И похрустел по снежку, унося ноги подальше от стены здания, к перекрестку, где напротив светился дежурный гастроном. Когда я жил на Сретенке, его называли «сороковым», на его стене по праздникам висел Сталин в полный рост. Я помнил, магазин хороший. Только теперь я почувствовал, как устал от навязанного общения. Я постоял минуту, улыбнулся и пошел в другую сторону, удаляясь от ареала своего детства.
Дома Наташа ждала от меня объяснений, но я лишь в двух словах сообщил, где провел день, и бросился к телефону.
— Алло, Рем!
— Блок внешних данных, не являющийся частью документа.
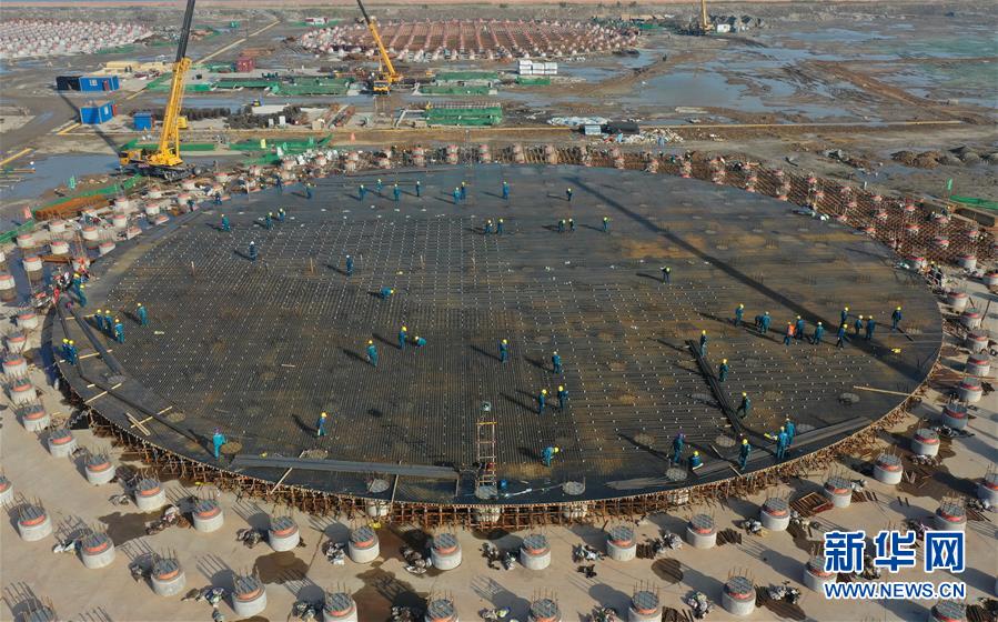 5月23日,工人在唐山市曹妃甸区LNG项目第一阶段工程储罐建设工地施工(无人机照片)。新华社记者杨世尧摄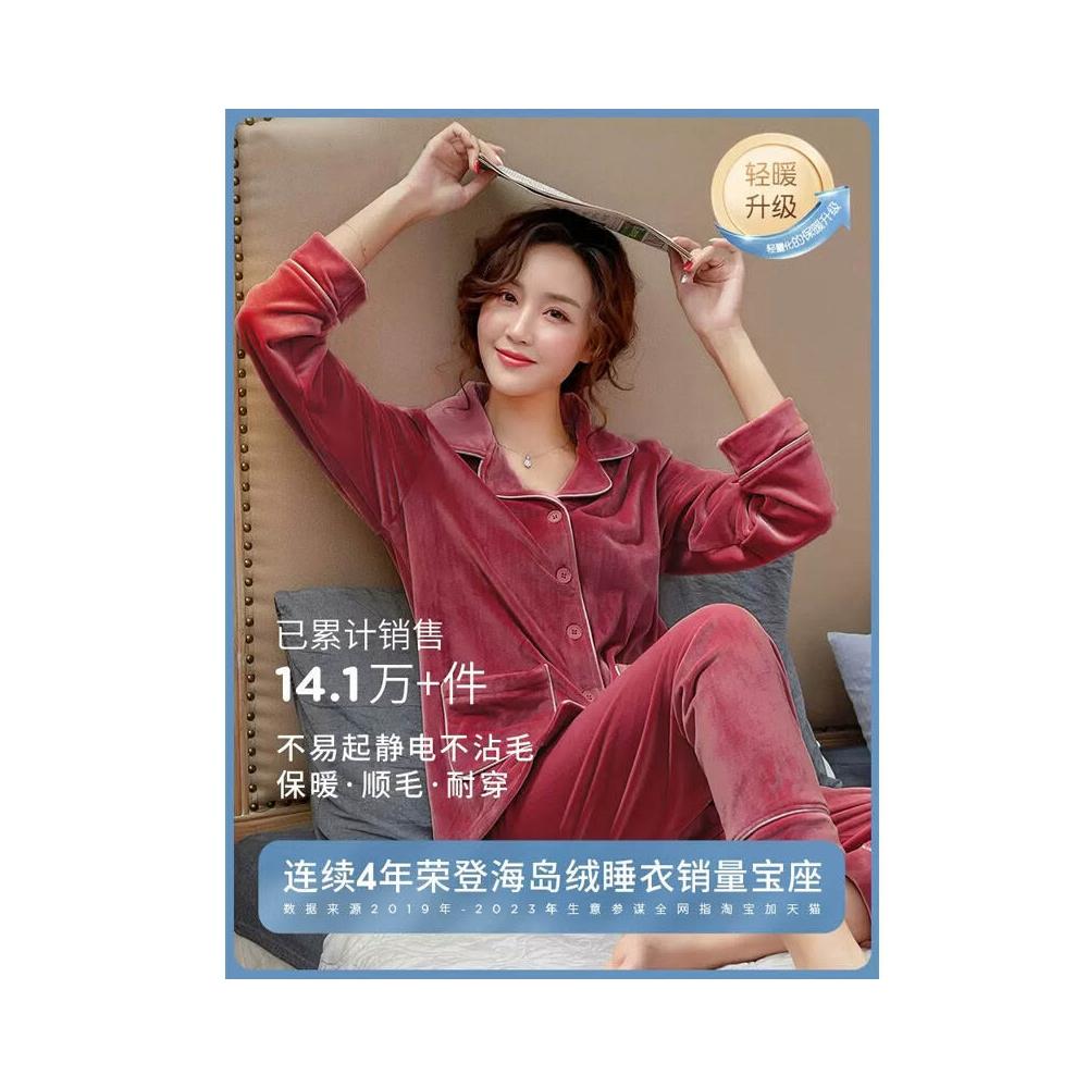 珊瑚絨睡衣女秋冬季加厚保暖長袖大碼海島絨套裝春秋法蘭絨家居服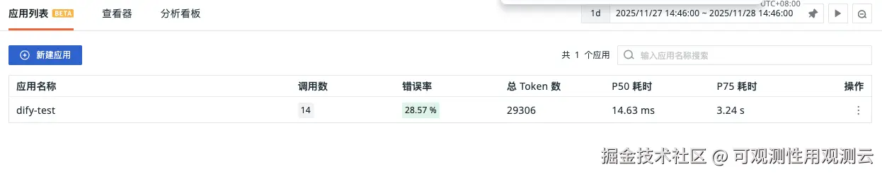 1、LLM 监测 - 应用列表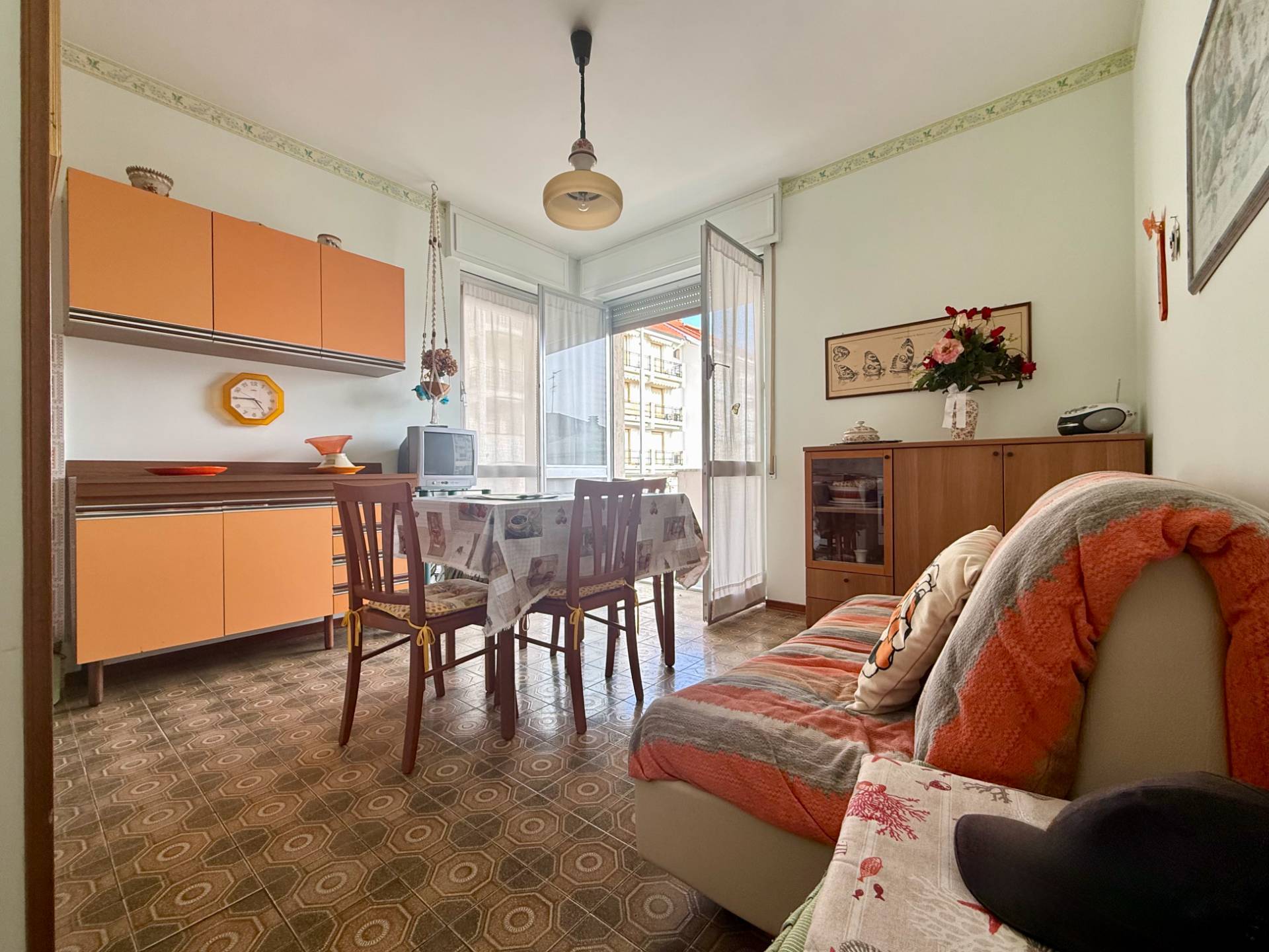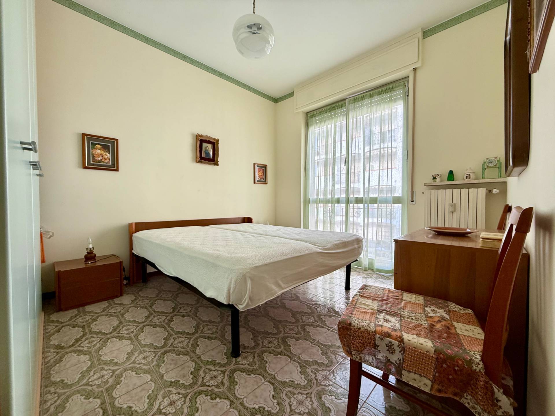 San Bartolomeo al Mare - Trilocale comodo alle spiagge Ampio e luminoso trilocale al primo piano, in quartiere residenziale e prossimo al mare. Composto internamente da: soggiorno con angolo cottura, camera matrimoniale, seconda camera, bagno finestrato con vasca, grande balconata angolare vivibile e ulteriore balcone di servizio.

Ты не хотел бы погулять? Я был в одном месте, есть что рассказать…
— Да я знаю, — протянул Рем устало. — Я сидел рядом, в соседней комнате.
— Что?
— А-а, — вздохнул Горбинский с безнадежностью. — Они все знают.
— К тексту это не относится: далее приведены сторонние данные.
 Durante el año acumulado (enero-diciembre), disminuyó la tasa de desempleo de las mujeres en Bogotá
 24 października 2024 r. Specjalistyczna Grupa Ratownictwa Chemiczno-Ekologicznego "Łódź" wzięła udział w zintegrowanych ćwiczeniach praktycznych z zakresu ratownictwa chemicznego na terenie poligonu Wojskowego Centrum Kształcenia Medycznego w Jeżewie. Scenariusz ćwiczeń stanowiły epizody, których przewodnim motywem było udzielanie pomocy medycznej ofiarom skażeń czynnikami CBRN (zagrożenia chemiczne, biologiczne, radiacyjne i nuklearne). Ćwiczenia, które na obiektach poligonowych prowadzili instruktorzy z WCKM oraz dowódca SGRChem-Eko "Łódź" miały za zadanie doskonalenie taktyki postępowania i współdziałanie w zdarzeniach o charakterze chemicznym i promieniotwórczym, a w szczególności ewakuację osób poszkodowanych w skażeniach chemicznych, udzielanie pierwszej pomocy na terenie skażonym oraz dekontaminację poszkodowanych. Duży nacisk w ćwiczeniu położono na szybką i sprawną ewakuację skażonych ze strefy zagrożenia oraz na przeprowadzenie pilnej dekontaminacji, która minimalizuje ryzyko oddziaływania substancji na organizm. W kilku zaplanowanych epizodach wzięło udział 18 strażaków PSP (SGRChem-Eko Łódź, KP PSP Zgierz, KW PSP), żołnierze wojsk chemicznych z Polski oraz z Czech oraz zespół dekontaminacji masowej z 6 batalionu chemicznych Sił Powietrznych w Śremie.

— Подожди, подожди! — я попытался удержать своего друга, чувствуя, что тот сейчас начнет рассказывать мне по телефону о своем собственном дне в КГБ. — Давай я подъеду. Ну, я пошел. Бегу!
Открыла Стася, ласковая, как всегда. Одной рукой она оттягивала подросшую шотландскую овчарку, другой показала на кухню.
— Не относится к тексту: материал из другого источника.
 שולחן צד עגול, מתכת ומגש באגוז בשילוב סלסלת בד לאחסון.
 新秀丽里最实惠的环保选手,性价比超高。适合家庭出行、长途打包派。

Рем сидел ссутулившись за маленьким пластиковым столом, завершая ужин. Я машинально взял кусок хлеба, стал жевать — торопясь, я дома не поел.
— Они всё знают, — сказал Горбинский. — Всё!
— Когда тебя забрали?
— Утром.
— А меня днем, около двенадцати.
— Я знаю. Мы сидели рядом, в разных комнатах. А в третьей — Лямкин.
— Ничего себе!
Я не знал, как приступить к главному.
— Послушай, Рем, — произнес я нерешительно. — Там какой-то мужик, такой тощий и наглый, показал мне…
Рем жестом остановил, не дал договорить.
— Генерал Бобков, начальник идеологического управления. Я его знаю.
— И твой почерк, Рем? Он пару фраз мне зачитал…
— Да бесполезно, понимаешь! — опять перебил Горбинский, не давая мне договорить. — Им все известно! У них рукопись Отто. Давай завтра, а? Завтра поговорим.
Я вышел на ночное Садовое кольцо. Спешить теперь было действительно некуда. Брел по пустынным улицам, пока не запрыгнул в пустой холодный троллейбус.
В горле застыл тяжелый вопрос: «Как же так, Рем?»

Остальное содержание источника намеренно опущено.